MELBOURNE (Reuters) - The Australian Open rolls on amid a Melbourne lockdown, but the tournament risks losing its greatest champion in the first week as fans wait to hear if Novak Djokovic will be fit to play on Sunday.
Djokovic suffered a muscle tear in his third-round, five-set epic against Taylor Fritz, and the world number one skipped practice on Saturday in a bid to recover in time to resume his quest for a record-extending ninth title at Melbourne Park.
Withdrawing from the tournament would be devastating for the defending champion who has won 17 Grand Slams in all, especially after his fourth-round disqualification in the U.S. Open last year when he accidentally hit a ball at a line judge.
“I don’t know if I’ll manage to recover from that in less than two days.

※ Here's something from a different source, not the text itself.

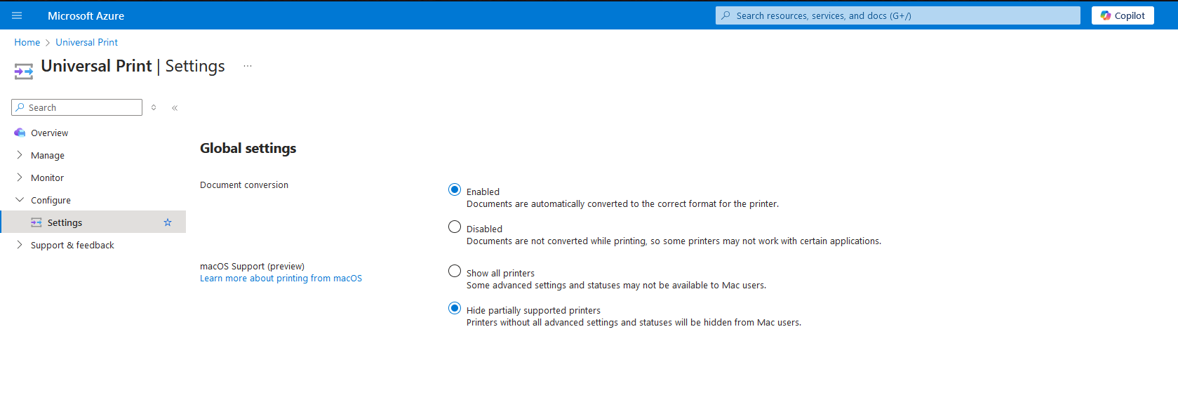 3. Go to Universal Print > Settings and enable Document Conversion.

I don’t know (if) I’m going to step out on to the court or not,” Djokovic said after a match with Fritz.
His next opponent, Canadian Milos Raonic, may not complain however, having lost all 11 times he has played Djokovic, the most recent being the final of the rescheduled Cincinnati tournament last August.
Third seed Dominic Thiem may have hoped to have the crowd back on his side after dispatching home favourite Nick Kyrgios in a five-set thriller, but instead he will face Bulgarian Grigor Dimitrov in an empty Rod Laver Arena.
An action-packed women’s schedule will have U.S. Open champion Naomi Osaka take on two-times Grand Slam winner Garbine Muguruza - the first time the pair have met on court - while Serena Williams is up against feisty Belarusian Aryna Sabalenka.
Romanian second seed Simona Halep, seeking her first hard court major, will be tested by reigning French Open champion Iga Swiatek, who has yet to drop a set at the tournament.